Here’s the code I originally created. However, I haven’t figure out how to fetch the rotation (and now I think I see it, I wasn’t selecting it from an object, but from a collection instead).

import bpy

context = bpy.context

for obj in context.selected_objects:
    bpy.ops.object.collection_instance_add(collection='lamp_posts', align='WORLD', location=obj.location, rotation=(1, 1, 1))

aaOk, so you have a perfromance issue because of the amount of objects you have in your scene.

This can be solved in several ways. I would try the following sollution first and if that does not work for you there is some information bellow that might help to find a fitting solution:

  1. put all your lamps into a single collection
  2. create a plane in second collection
  3. put geometry nodes modifier on plane
  4. pull lamp collection into geometry nodes. This gives you a collection info node
  5. turn off lamp collection with the little checkbox in the outliner
  6. plug collection info node into a realize instances node
  7. plug realize instances node into output node.

Other way to do this are:
Dupliverts/Duplifaces
A simple instance collection

Now, the trick in each of these is to turn lots of objects into a single objects while keeping the ability to transform them.

There are several ways to do that. Which way works best for you depends on your workflow and particular scene.

The easiest way is to put all your real lamp posts into a single collection, instance your objects with one of the ways mentioned above and then deactivate the lamp collection with the “Exclude Layer” checkbox in the outliner.

Another way would be to create a second scene in your blend file and keep it there.

And another way would be to put all your lamp posts into a different scene and then link the collection.

Or you could give your collection a fake user and then unlink it from your scene.

Here is a Geonodes setup that turns a ton of monkeys into geo nodes goemetry. I have had setups with 180K objects run decently like that but having that amount of monkeys in the file blows up the file and i can not upload it anymore.

It has a “simplify in Viewport” switch in the modier. This switch turns all your lamps into bounding boxes in the viewport but will keep the high poly geometry in render. This can save a lot of RAM.
In very large scenes it also makes sense to implement a switch that deletes a certain percentage of objects in the viewport but not in render.

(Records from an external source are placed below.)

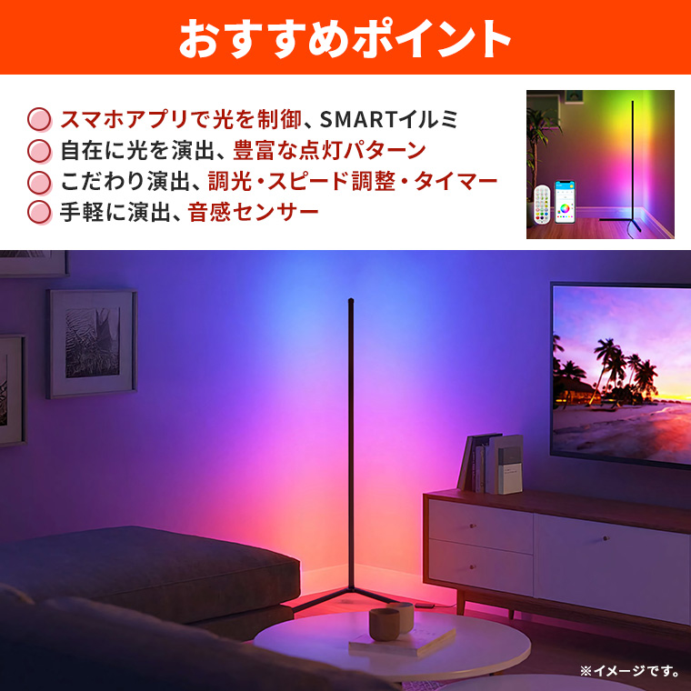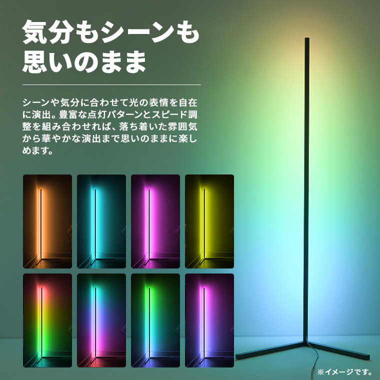 ゲーミングライト コーナー フロアライト LED 雰囲気ライト アプリ操作 RGB USB電源 室内用 調光 調色 タイマー 音楽 同期 おしゃれ ゲーム リズム サウンドセンサー カラフル イルミネーション 間接照明 店舗 演出 雑貨 電光ホーム
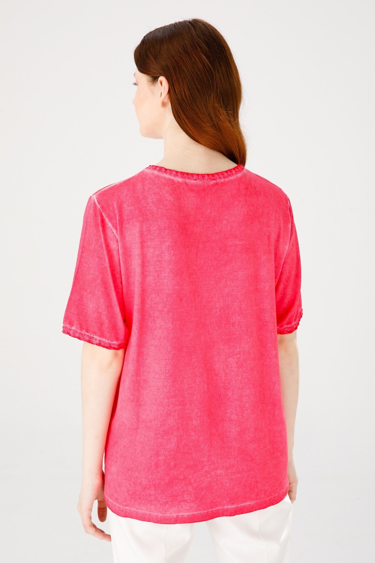 Kadın Sıfır Yaka Kısa Kol Deri Işlemeli Penye Bluz Fuşya Kadın Sıfır Yaka Kısa Kol Deri Işlemeli Penye Bluz Fuşya 20807 XL
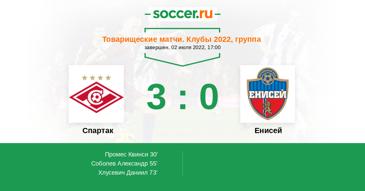Спартак - Енисей: обзор матча 2 июля 2022
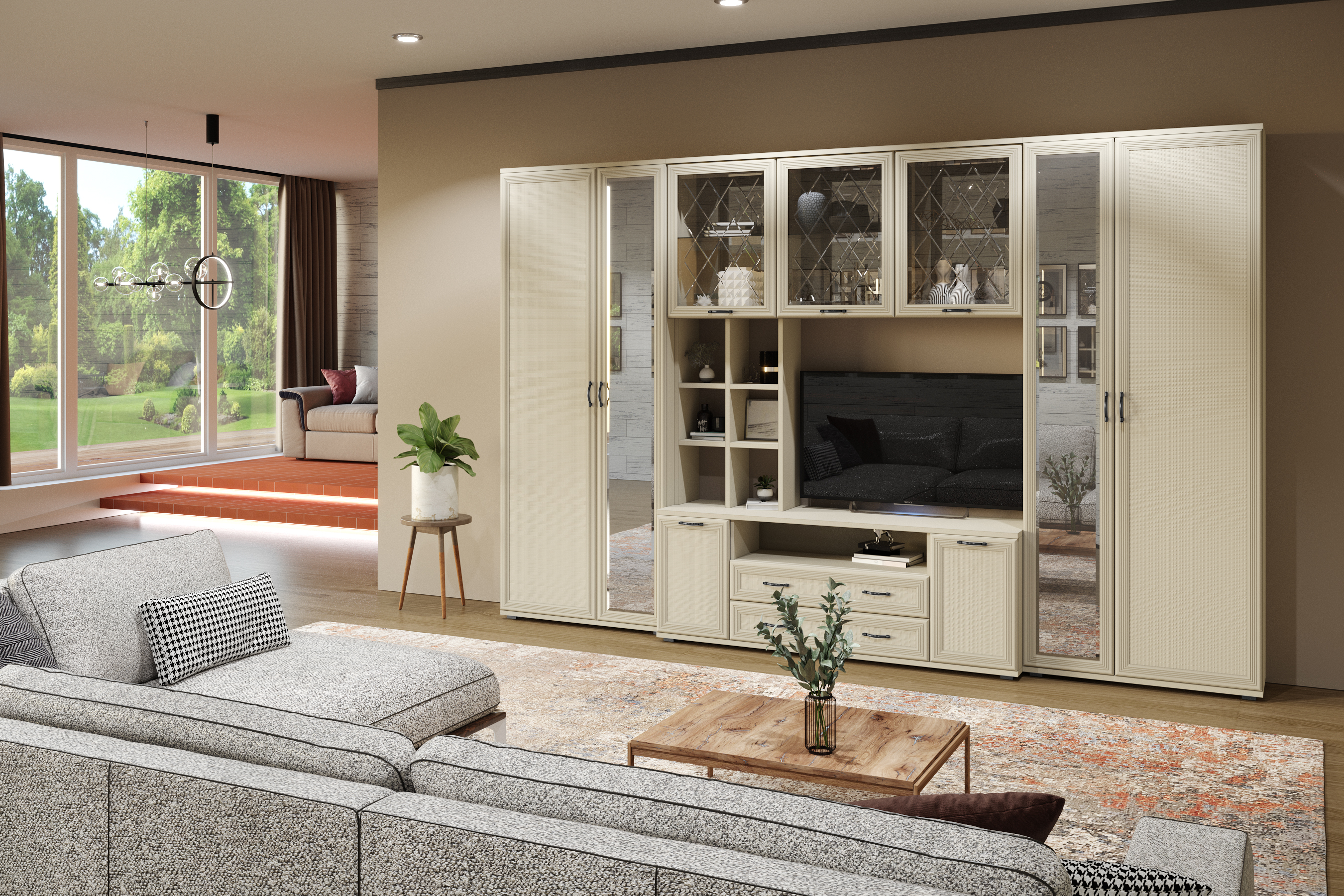 Корпусная мебель для гостиной "Карина" - это модульная мебель. Коллекция включает в себя более 70-ти оригинальных модулей, созданная с их помощью композиция отлично впишется в любое помещение. Программа «Карина» позволит создать уют и гармонию в гостиной. Фасад имеет уникальное сочетание глубокого тиснения и эффекта патины, присущей классическому стилю. Изящество фасада подчеркивает стекло с алмазной гравировкой и фацетом. Мебель изготавливается из высококачественных материалов: ЛДСП, МДФ (фасад) компании Egger имеют класс эмиссии Е1. Коллекция мебели комплектуется высококачественной европейской фурнитурой. Во всех выдвижных ящиках используются направляющие Quadro фирмы Hettich, которые обеспечат долгую превосходную функциональность. Встроенный демпфер Silent System позволяет закрывать ящик плавно и бесшумно. Скрытый монтаж делает механизм в нижней части ящика невидимым глазу, что позволяет не нарушать элегантный дизайн. Петли с доводчиками фирмы Titus обеспечивают бесшумное закрытие створки.
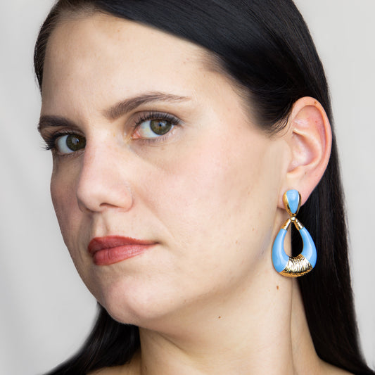 Cercei cu verigă ovală și accent color - Albastru Deschis

In Blender 3.2 I think the only possible thing to output as simplified geometry is the bounding box unless you are fine with simplified geo not being rotated and scaled (This is the second geo nodes setup in the scene). At least without python scripting. With python scripting you can get the rotation and scale working by feeding each objects rotation into attributes. But the process of setting this up and handling it is a bit cumbersome and takes away some flexibility.

But with 3.3 Blender will get two nodes (get rotation and get scale) which will make it possible to use any custom Geometry.

instance_Geo2.blend (4.2 MB)

One more thing to consider when creating complex stuff like cities:

It makes sense to split it up in different blend files because otherwise the files get absurdly heavy.
The way I do it:

  • Create several houses, each in a separate file
  • Create road elements in separate file
  • Create other elements like lamps and stuff like that in separate files
  • Create a city block by linking the houses and elements into a new file
  • Create several version of city blocks
  • Create new files in which you combine these blocks into areas
  • Create a new file and combine the areas into a city
  • Create a new file with only the geometry where you want trees and vegetation and plant the vegetation
  • Link the vegetation into your city file
  • Do the same with water

Another way which is porobably better is createing it in Geonodes. There is a theread here in which somebody builds an inca city with a lot of Geonodes and describes the process. This requires quite a bit of geonodes understanding and I can not find that thread at the moment.